The Pictures to Prove It

Ratting out someone, even a creep who really deserves the exposure, is not usually done before an adoring throng, but furtively, behind closed doors—because people generally despise snitches. When Vanity Fair magazine revealed former FBI agent Mark Felt as “Deep Throat” last fall, old passions flared anew. Virtually everyone, even those who defended Richard Nixon to the bitter end, conceded that Felt did the country a service by helping expose serious lawbreaking at the highest levels of government. Yet many of the same people cannot bring themselves to call Felt a hero, because he snitched.

Our collective aversion to snitching explains why Minneapolitans reacted with palpable resentment to “photo cops”—cameras placed at intersections notorious for red-light running—and cheered when Hennepin County District Court Judge Mark Wernick, in City of Minneapolis v. Daniel Kuhlman, said that Minneapolis failed to use them legally. Kuhlman, who received a photo cop ticket for running a red light, hired attorney Howard Bass to fight it because, according to Kuhlman, he was not driving his car at the time.

When photo cops were installed last summer, many of us railed against them as another Big Brother encroachment on our right to ride anonymously along life’s freeways. No one seriously disputes that the photo cops have significantly reduced red-light running—according to some reports, by close to twenty percent—at the dozen or so intersections where they were installed. And, in these dire, budget-crunched times, the photo cops helped generate close to a million dollars in revenue for cash-strapped Minneapolis. But what mattered, and what ticked off so many people, was that the photo cops never blinked. They were invariably right, and just like a true snitch, they hid behind the protective cloak of anonymity.

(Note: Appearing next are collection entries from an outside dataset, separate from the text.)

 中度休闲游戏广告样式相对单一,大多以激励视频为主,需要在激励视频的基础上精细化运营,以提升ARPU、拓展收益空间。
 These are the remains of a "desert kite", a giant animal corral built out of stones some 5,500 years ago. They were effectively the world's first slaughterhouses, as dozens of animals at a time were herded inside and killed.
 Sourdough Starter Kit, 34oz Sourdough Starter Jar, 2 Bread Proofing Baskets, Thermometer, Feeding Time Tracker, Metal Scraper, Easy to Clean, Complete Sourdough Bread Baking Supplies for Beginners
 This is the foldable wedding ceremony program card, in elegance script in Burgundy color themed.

While the technology behind the photo cop is state of the art, the concept was simple and logical. Cars running lights were photographed; the driver was identified by license plate number and received a ticket in the mail along with “the evidence”—a series of photographs showing the car in its compromising position. The ticketee was presumed guilty and typically fined $164 for the violation, unless he could prove (1) he no longer owned the car; (2) the car was stolen at the time of the violation; or (3) he was not driving the car at the time of the violation—in which case he must “nominate” (i.e. rat out) the actual driver.

According to Judge Wernick, the problem with the Minneapolis ordinance was that it took the presumption of innocence that girds our criminal justice system and turned it on its head. Instead of the government having to prove that someone actually committed the alleged crime, it was up to the person accused to prove that he did not do it. Minnesotans accused of running a red light anywhere else in the state—even in Minneapolis, in cases where a photo cop did not do the ticketing—did not start their cases against the government in such a deep procedural hole.

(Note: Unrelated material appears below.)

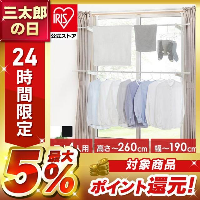 室内物干し つっぱり 洗濯物干し 室内 省スペース 幅110〜190cm 高さ190〜260cm 伸縮自在 2段 大容量 簡単設置 部屋干し 室内干し 窓 窓際 窓枠物干し 花粉 梅雨 物干し 突っ張り 突っ張り物干し まとめ洗い 新生活 アイリスオーヤマ MW-260NR *

Did Daniel Kuhlman run a red light on August 17, 2005? The answer to that question turns out to be irrelevant. What is really at stake in the City of Minneapolis v. Daniel Kuhlman is reaffirming who has the burden of proving the answer to that question beyond a reasonable doubt. Judge Wernick got it absolutely right: Minneapolis cannot dump that responsibility on the accused. At the same time, Wernick was careful not to unilaterally condemn this sort of law enforcement tool. Photo cops can and do work effectively and legally in places like Oregon and Delaware. Drivers snapped in those states are not charged with crimes. Instead, they pay civil fines, which usually do not place their drivers’ licenses at risk, nor leave them with the consequences of a criminal conviction—like the potential loss of one’s license and higher insurance rates.

No one likes to get caught doing things he knows are wrong. And very few people like snitches, be they human or electronic, even when they save us from our own stupidity. However, we are far less likely to resent—and may even come to grudgingly accept—electronic surveillance like photo cops if the government, in its zeal to encourage us to do the right thing, does not do it by gutting our constitutional right to be presumed innocent until proven guilty.